Create a method named SaveTextFile() and add the following code in it

  func SaveTextFile()
    {  //Get the path for Sandbox doucment Directory 
        var path = FileManager.default.urls(for: .documentDirectory, in: .userDomainMask).first!
        
        let filename = "notes.txt"//Filename for our text file
        
        path.appendPathComponent(filename)//Complete path along with file name
        
        print(path.absoluteString)//debug print
        
        do
        {     /*Here we seprate the array elements of String array 
              by \n character so that we can save each note in a new line
              inside the text file*/
            try self.notes.joined(separator: "\n").write(to: path, atomically: false, encoding: .utf8)
        }
        
        catch
        {
            print(error)
        }
    }

Create a method addNote() which will be called when user taps addnote button in navigation bar.

  @objc
    func addNote()
    {
      /*Here it diplays a pop up with a text field and we append the entered text to
      notes string array and save it to Documents Directory 
      by calling SaveTextFile() method*/
        let ac = UIAlertController(title: "Enter the note", message: nil, preferredStyle: .alert)
        
        ac.addTextField(configurationHandler: nil)
        
        ac.addAction(UIAlertAction(title: "Ok", style: .default, handler: { (action) in
           
            if let enteredText = ac.textFields?.first?.text
            {
                self.notes.append(enteredText)
                self.SaveTextFile()
            }
        }))
        
        ac.addAction(UIAlertAction(title: "Cancel", style: .cancel, handler: nil))
        
        present(ac, animated: true, completion: nil)
    }

Now run the app in simulator

Now if you open your Documents SandBox direcotry in terminal or GUI you can see our image and a text file there

We can also preview the text file using Vim or any text editor

Allowing user’s to access SandBox document’s

However we as a developer can access the data stored in App’s SandBox only in simulator but actual user do not use simulator and they use physical device cannot access it by using above method.So now we make some small changes such that we can allow the user to see their data stored in App’s Sandbox Documents Directory using iOS/iPadOS file manager app !

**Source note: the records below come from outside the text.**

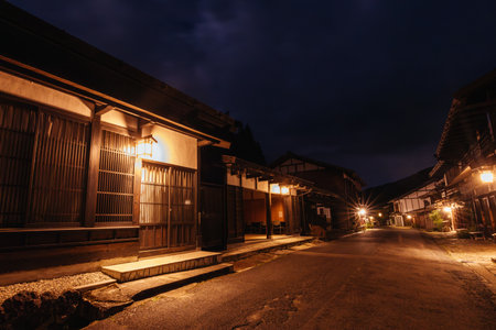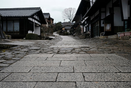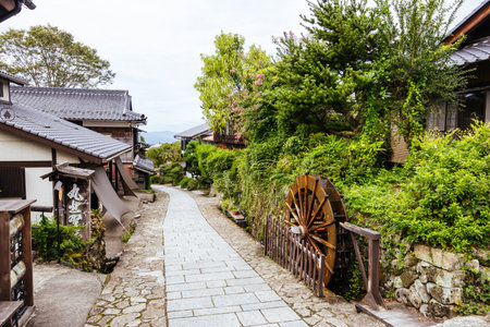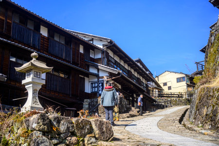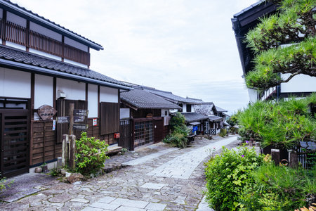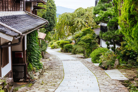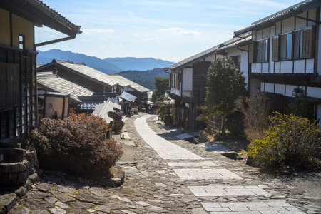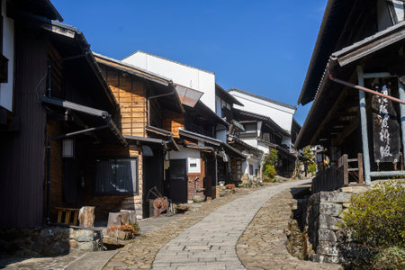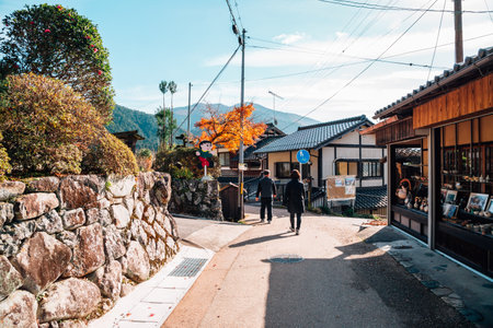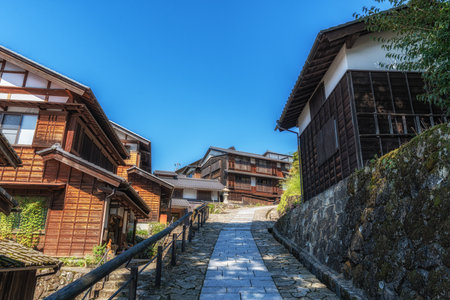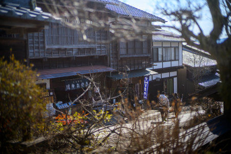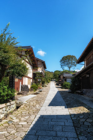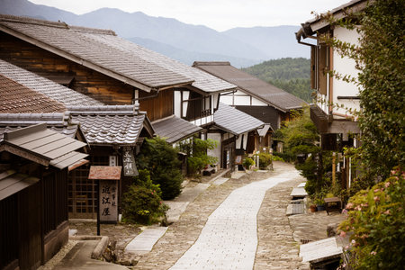 Tsumago, Japan; 1st October 2023: Streets and traditional Japanese houses at Tsumago Juku town along the Nakasendo trail in Kiso Valley, Japan.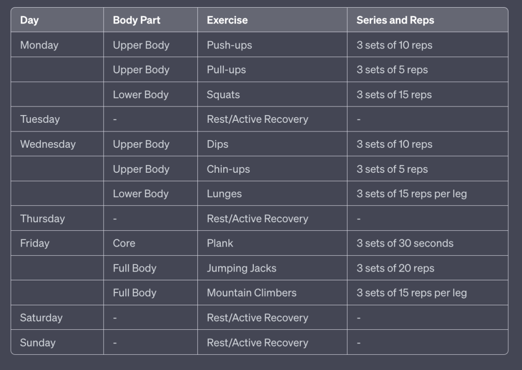 For example, if you’ve asked for a calisthenics training plan, it usually provides the response in text form. Afterwards, you just have to ask it to format it into a table, and it will do it perfectly:
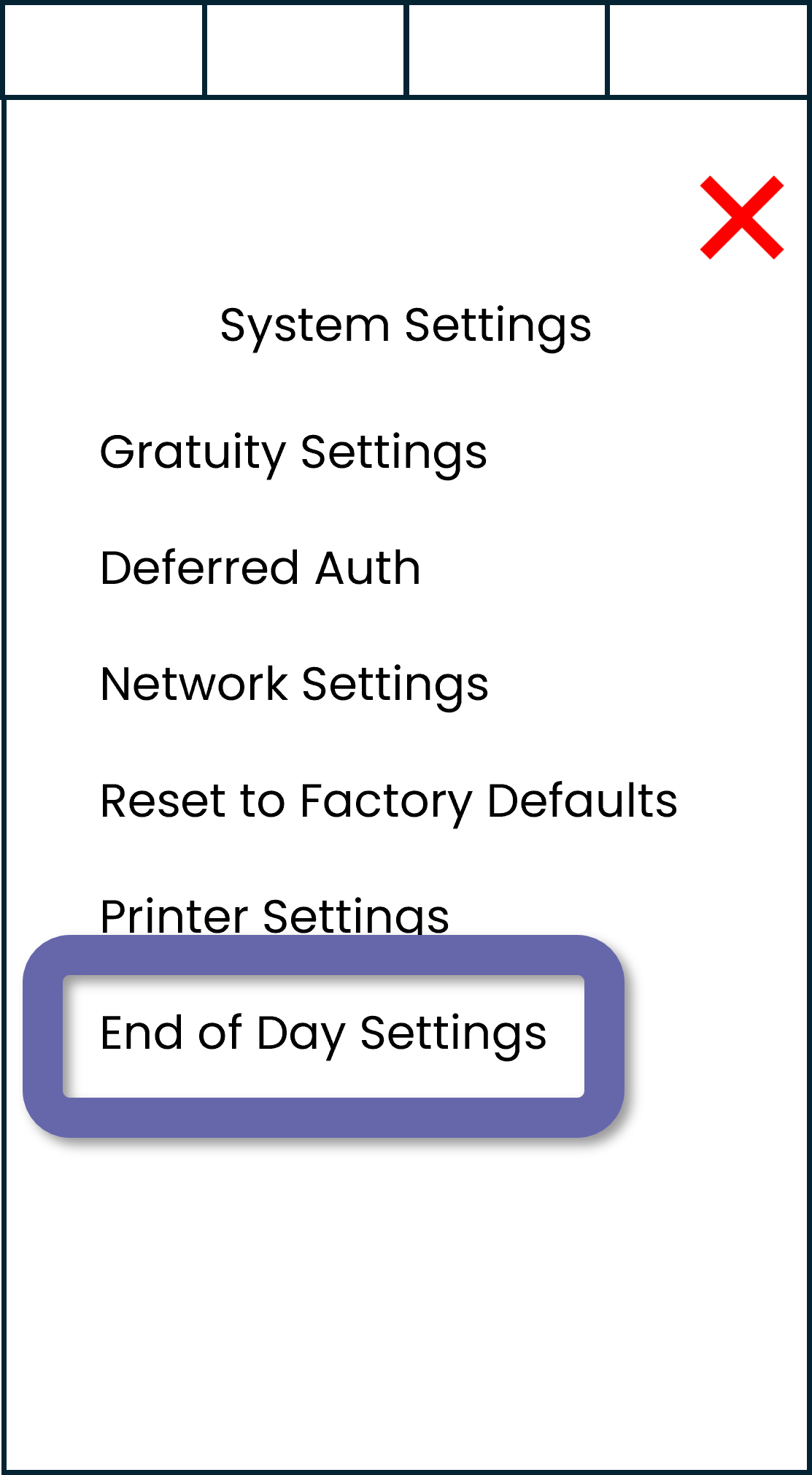 Wählen Sie im Menü „Systemeinstellungen“ die Option„Tagesabschluss-Einstellungen“ aus.

Open info.plist and add this following keys and set the boolean values as yes

Application supports iTunes file sharing : This property allow the user to access the notes.tx file and their image files in Sandbox Documents Directory through their Mac when they connect their iPhone/iPad to their mac.

Supports opening documents in place : This property will allow the user to access the notes.txt and image file directly by using their iPad/iPhone default file manager app without need for connecting it with a Mac.

Now If you run this app either in Simulator or Physical device open the default file manager app you can see our files stored in SandBox can be accesed directly through Files app.